SWE-fficiency

Leaderboard

System	Speedup Ratio

We evaluate models using Speedup Ratio (SR). SR tests how well models match up against expert speedups: SR = (LM speedup) / (Expert speedup). An SR of 1.0× means the model matches human expert speedup (and above 1.0× means surpassing expert performance).

Overview

SWE-fficiency (pronounced swee-FISH-uhn-see) challenges language models to optimize the runtime of real repos on real workloads. It contains 498 tasks across nine popular Python repos, including numpy, pandas, aand scipy.

Given a complete codebase and a real workload, agents must investigate code semantics, localize bottlenecks and relevant tests, and produce a patch that matches or exceeds expert speedup while passing the same unit tests. This challenges models to perform the investigative, pass-to-pass workflow of real performance engineering.

Our evaluation reveals significant underperformance of current state-of-the-art agents. On average, top frontier models achieve less than 0.15× the expert speedup, struggling with localizing optimization opportunities, reasoning about execution across functions, and maintaining correctness in proposed edits.

Task Formulation

SWE-fficiency tasks mirror how real engineers approach performance optimization in mature, widely-used codebases. Each task provides a complete repository snapshot, an associated performance workload script, and the existing unit test suite. An autonomous agent (or human) must iteratively reason about code semantics, profile or inspect execution, localize bottlenecks, and propose a patch that improves runtime without regressing correctness.

Instead of isolated algorithm puzzles, tasks demand an investigative, pass-to-pass workflow: identify hot paths, understand call chains across modules, inspect data structures, validate hypotheses against targeted tests, and refine edits to reach or surpass expert speedups. This formulation directly evaluates: (1) repository-scale code understanding, (2) performance reasoning and prioritization, and (3) correctness-preserving implementation skill.

Key Features

🎯 Real-World Tasks

498 performance optimization tasks extracted from actual GitHub pull requests across 9 major Python libraries used by millions of developers: numpy, pandas, scipy, scikit-learn, matplotlib, xarray, sympy, dask, astropy.

✅ Correctness-Preserving

All optimizations must pass existing repository unit tests, ensuring functional correctness while improving performance. We use coverage analysis to identify relevant tests for each optimization.

🔬 Investigative Workflow

Models must profile workloads, localize bottlenecks, identify relevant tests, and implement optimizations—mirroring real performance engineering workflows used in industry.

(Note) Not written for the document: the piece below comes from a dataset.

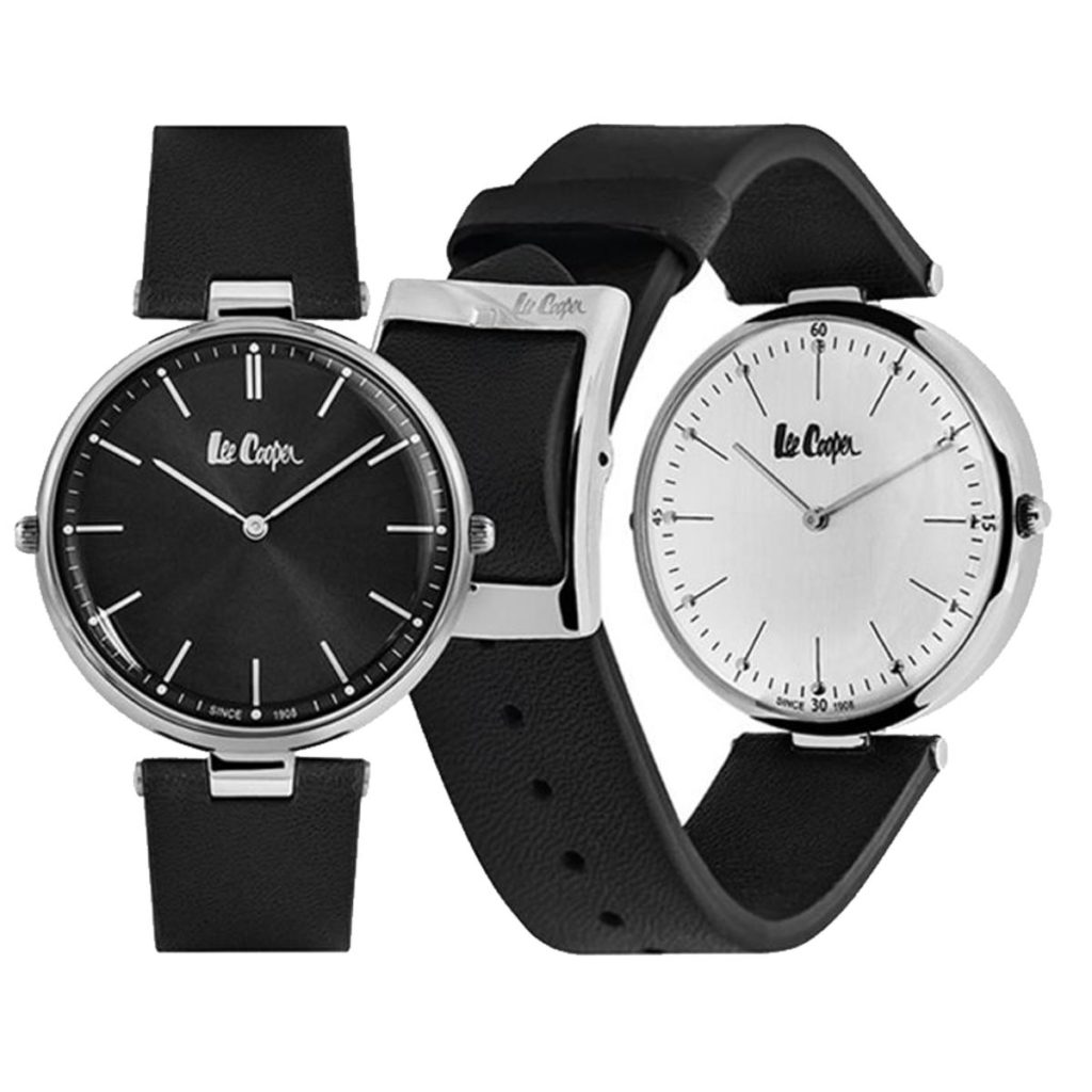 Klassisk svart herreklokke med sølvfarget urkasse fra Lee Cooper. Vanntett til 3 ATM.

📊 Expert-Anchored Evaluation

Speedup Ratio (SR) metric compares model performance directly to human expert optimizations, encouraging progress toward and beyond human parity. Expert speedups range from 1.1× to over 100×.

Methodology and Dataset

Figure 1: SWE-fficiency contains a diverse distribution over performance workload runtime (left); over gold patch speedup (speedup achieved from expert PR edit); and over types of optimizations made by the expert (right).

🔍 Data Collection

Multi-stage pipeline combining keyword filtering, static analysis, coverage tooling, and execution validation to extract diverse and realistic optimization tasks from GitHub PRs.

⚖️ Evaluation Metric

Speedup Ratio (SR) = (Model Speedup) / (Expert Speedup)
Aggregated via harmonic mean across all tasks. SR = 1.0× means matching expert performance.

🧪 Experimental Setup

Containerized environments with CPU/memory pinning (4 vCPUs, 16GB RAM per worker). 3-hour time limit, 100 max actions per task.

🤖 Agent Frameworks

Evaluation using OpenHands and SWE-agent scaffolds with file-editing tools and bash terminal interfaces for comprehensive code investigation.

Figure 2: SWE-fficiency uses a multi-stage pipeline that filters from raw GitHub pull requests information to extract containerized, reproducible, performance-focused optimization tasks for evaluation.

Key Findings

Figure 3: LMs achieve strong performance on easier problems but struggle on tasks with longer workload runtime duration and larger baseline expert speedups. We bucket LM submissions by per-instance speedup ratio and compute the geometric mean per-bucket of (i) pre-edit workload runtime, (ii) the gold (expert) patch speedup, and (iii) the number of lines in the gold patch.

Figure 4: LMs find expert-level wins earlier on in action trajectories. When they underperform experts, LMs submit satisficing optimizations rather than trying on for expert parity.

Figure 5: LMs leave a significant portion of expert-achievable speedup on the table due to wrong file/function selection and localization.

Figure 6: LMs prefer to edit different functions than the gold patch, missing out on major speedups. For a workload flamegraph for task pandas--dev__pandas-52054, Claude 3.7 Sonnet (SWE-agent) (red) chooses a different function (and file) than the expert (gold): it does not achieve the expert's overall workload speedup, since the expert's speedup is at a shallower scope.